こやまクリニック〜東京都国分寺市/医療法人社団こやま会

東日本大震災による停電や人工透析実施に関するリアルタイム情報をお届けします

全床オンラインHDF〜4月より全面再開のお知らせ

2012年03月05日 22時33分23秒 | 患者さんへお知らせ・お願い
本日3月5日(月)、以下の情報源において

官報号外 第49号
http://kanpou.npb.go.jp/20120305/20120305g00049/20120305g000490000f.html
厚生労働省『平成24年度診療報酬改定について』
http://www.mhlw.go.jp/bunya/iryouhoken/iryouhoken15/


●オンラインHDF療法が正式に保険診療として認められたこと

●人工腎臓2 慢性維持透析濾過(複雑なもの)を行った場合、つまりオンラインHDFに関しては、適応疾患による制限がないこと

を確認することができました。

これを受け、こやまクリニックでは一時的に休止していた全床オンラインHDF体制をきたる4月より全面的に復活させる予定です。詳しくはまた3月末頃に追って報告したいと思います。

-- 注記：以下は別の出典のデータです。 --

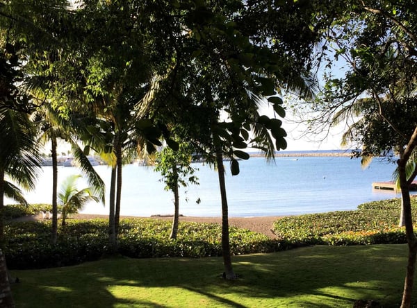 All guests must register with the Casa de Campo Concierge office, and for a small daily fee ($30 per adult per night & $15 per child per night), are granted access to resort areas and amenities. Casa de Campo Resort facilities and amenities include golf courses ($), the fitness centre ($), racquet center ($), restaurants ($) and bars ($). Contact Rental Escapes for more information about pricing. This beachfront villa boasts a beautiful one-acre lush tropical garden leading to its own 60-meter private beach. The garden has several outdoor seating areas with ocean views, an infinity pool plus two gazebos, one open-air with formal dining for 10 guests, and a second gazebo that can be closed with air conditioning and TV. The villa also benefits from a living room, formal dining area, and interior turtle garden, plus a kitchen and separate laundry and staff quarters. Accommodation comprises five bedrooms and five and a half baths. The master bedroom is upstairs and has a king-size bed, desk, lounging area, en-suite bathroom, and terrace. A further guest bedroom upstairs has a king-size bed and en-suite bathroom and terrace. The three downstairs bedrooms have two queen-sized beds, en-suite bathrooms, and their own terrace with direct access to the garden. All bedrooms have air conditioning, ceiling fans, TV, hairdryer, and electronic safes. All have direct access to decks and the garden.

なお、今回の診療報酬改定ではオンラインHDFに時間区分がなく、長時間透析を行うと通常の血液透析よりも点数が低くなってしまいます。透析施設の経営上悩ましい問題ですが、今回はオンラインHDFが公的に認められたことを重視し、クリニック持ち出し(点数が低いために生じる赤字分の施設負担)覚悟で、全面再開を決定しました。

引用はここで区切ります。